Note that it's usually "pretty darned good" the larger `n` is. There's a
reason for that. For example, when n=1000, all x satisfying 1 <= x < 2**1000
have a root r satisfying 1 <= r < 2. Mathematically, that's a 1-to-1 function,
but in floating point there are only 2**52 representable r in the lstter range:
the larger n, the more of a many-to-1 function the n'th root is in native
floating point precision. That makes it much easier to get the best-possible
result even by accident ;-) So, e.g., this kind of output is common for
"large" n:
n = 2272
x**(1/n)
-1 10
0 982
1 8
with 1 native-precision step
all correct
with 1 extended-precision step
all correct
That means that, out of 1000 "random-ish" x, x**(1/2272) returned a result 1
ulp smaller than best-possible 10 times, 1 ulp too large 8 times, and
best-possible 982 times ("ulp" is relative to the best-possible result). Doing
any form of a single "guess + small_correction" Newton step (in either native
or extended precision) repaired all the errors.

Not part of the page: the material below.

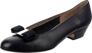 Salvatore Ferragamo Leather Flats Blue Vara Bow Accent Round-Toes with Bow Accents Includes Box Fit: This style typically runs a half size small. Unfortunately, due to restrictions, this item may not Read more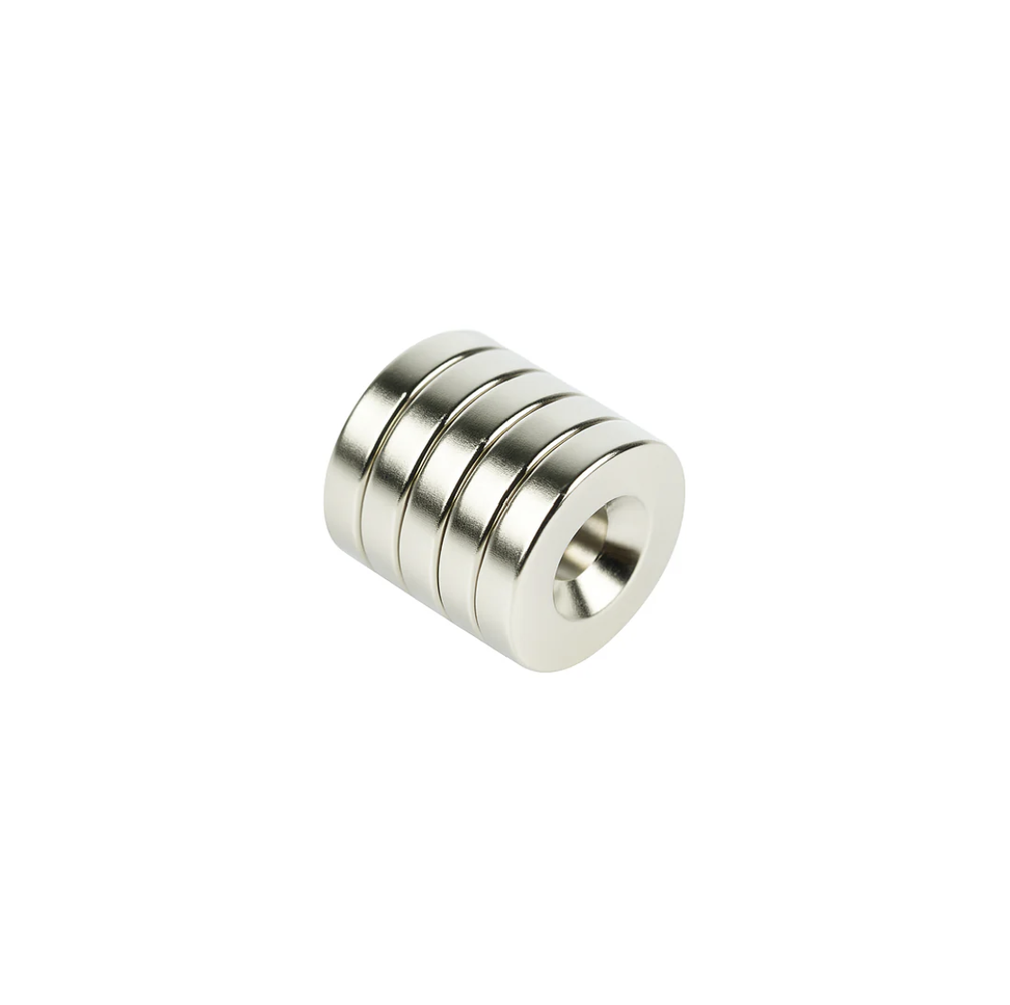 Varje magnet har ett centralt försänkt hål, vilket gör att skruvhuvudet ligger plant med magnetens yta och ger ett snyggt och exakt montage. Tack vare den kompakta ringformen och höga magnetstyrkan lämpar sig dessa magneter väl för fixturer, möbelmontage, skyltning och tekniska konstruktioner i både industriella och privata miljöer.

Things look very different for small n. Like:
n = 2
x**(1/n)
-1 1
0 997
1 2
with 1 native-precision step
-1 117
0 772
1 111
with 1 extended-precision step
all correct
1/2 is exactly representable, so errors are few. But doing a native-precsion
"correction" made results significantly worse.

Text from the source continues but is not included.